About the Project
Pollen development is vital for crop productivity and is important for future food security. Despite this, there is limited knowledge of the molecular mechanisms involved in pollen development and the impacts of abiotic stress. This is important given the sensitivity of pollen to periods of temperature and drought stress, which are expected to increase in the face of environmental change (Rieu et al, 2017).
In our previous research on the genetic model Arabidopsis thaliana, we have identified key regulators of sperm development and fertility including the transcription factor DUO1, which is widely conserved in major food crops such as maize, wheat, rice, and tomato (Brownfield et al. 2009). Our work has established a regulatory framework for male germline development (Berger and Twell, 2011), which includes the discovery of a novel class of zinc finger transcription factor, which forms an important regulatory node downstream of DUO1 (Borg et al., 2011, 2014).
Project Aims: The aims are to uncover the organisation and function of key gene networks in pollen development and to examine how these respond to environmental stresses. The project will involve genetic and molecular studies of both model and crop species and will combine co-expression and co-function network analyses to understand male fertility. The research will increase understanding of pollen regulatory networks and will help to identify pathways through which the effects of environmental stress on reproduction may be mitigated.
The major objectives of the proposed work packages are, first, to characterise mutants, in model and crop species (eg. Arabidopsis, tomato), which disturb DUO1 network function, and second, to explore how environmental stresses (temperature and drought) impact germline networks and pollen fertility.
1. Germline functions will be examined by characterising existing mutants with defects in network components. This will involve genetic and phenotypic analysis including studies of cell fate, pollen viability and seed development. Whole genome sequencing may be used to identify selected mutant loci for further molecular analysis.
2. Transcriptome data from wild type and knockout mutants will be used to inform an emergent regulatory model as a means to explore network organisation and response to environmental stress. Computational predictions of co-expression and co-function networks, and the responses of these to environmental stress, will enable the discovery of novel components relevant to gamete fertility and stress tolerance.
Main techniques to be used in the project:
Comparative transcriptomics (microarray & RNA-seq data); Co-expression and co-function network analysis; Integration of ‘omics’ data and network modelling; Fluorescence and confocal laser scanning microscopy; Manipulation of gene expression and protein function by transgenic analysis and gene-editing.

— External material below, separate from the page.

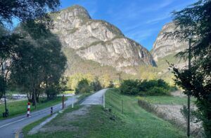Das passierte erst auf der Brücke über den Torrente Grigno, wo wir feststellen konnten, dass über Damüls als ‚Hausberg’ wohl die Mittagsspitze steht, über Grigno aber die Mittagsritze, durch die die Sonne zum Glück auf uns schien.
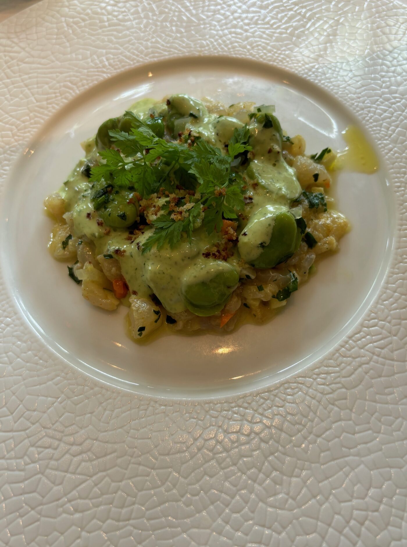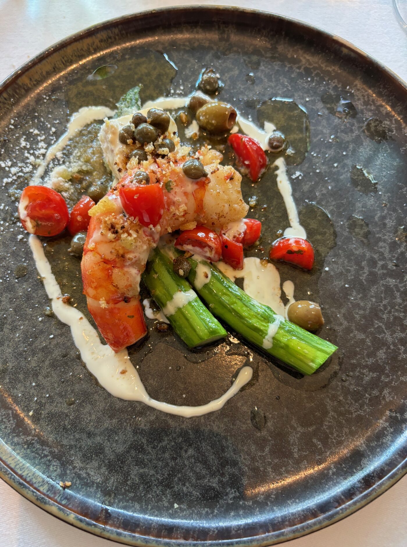 Il nous prépare une sélection de plats, en accord mets&vins, aptes à prendre toute la mesure de son art. Un magnifique tartare de bar de ligne, fèves et pesto nous ouvre l’appétit. Avec cela, le superbe flacon d’un Soave Vigneti di Foscarino Inama, vin blanc tranquille, à base de Garganega et élevé sans utilisation de bois. Arrivent ensuite les ravissantes asperges vertes alla parmigiana et grosse gambas juste saisie à la méditerranéenne. Ce plat nous emplit de joie en nous plongeant, sans retenue, dans les merveilles de la douce région de Campani grâce à un sublime vin blanc, en mono cépage local falanghina élevé en cuve d’acier et fermentation en levure indigène.

Borg, M., Brownfield, L., Khatab, H., Sidorova, A., Lingaya, M. and Twell, D. (2011) The R2R3 MYB transcription factor DUO1 activates a male germline-specific regulon essential for sperm cell differentiation in Arabidopsis. Plant Cell 23:1-16.
Borg, M., Rutley, N., Kagale, S. Hamamura, Y., Gherghinoiu, M., Kumar, S., Sari, U., Esparza-Franco, MA., Sakamoto, W., Rozwadowski, K., Higashiyama, T. and Twell, D. (2014). An EAR-dependent regulatory module promotes male germ cell division and sperm fertility in Arabidopsis. Plant Cell 26:1-17.
Brownfield, L., Hafidh, S., Borg, M., Sidorova, A., Mori, T. and Twell, D. (2009) A plant germ cell-specific integrator of cell cycle progression and sperm specification PLoS Genet. 5: e1000430.
Berger, F. and Twell, D. (2011) Germline specification and function in plants. Annu Rev Plant Biol 62:461-84.
Rieu, I, Twell, D., Firon, N. (2017) Pollen development at high temperature: from acclimation to collapse. Plant Physiology 173:1967-76.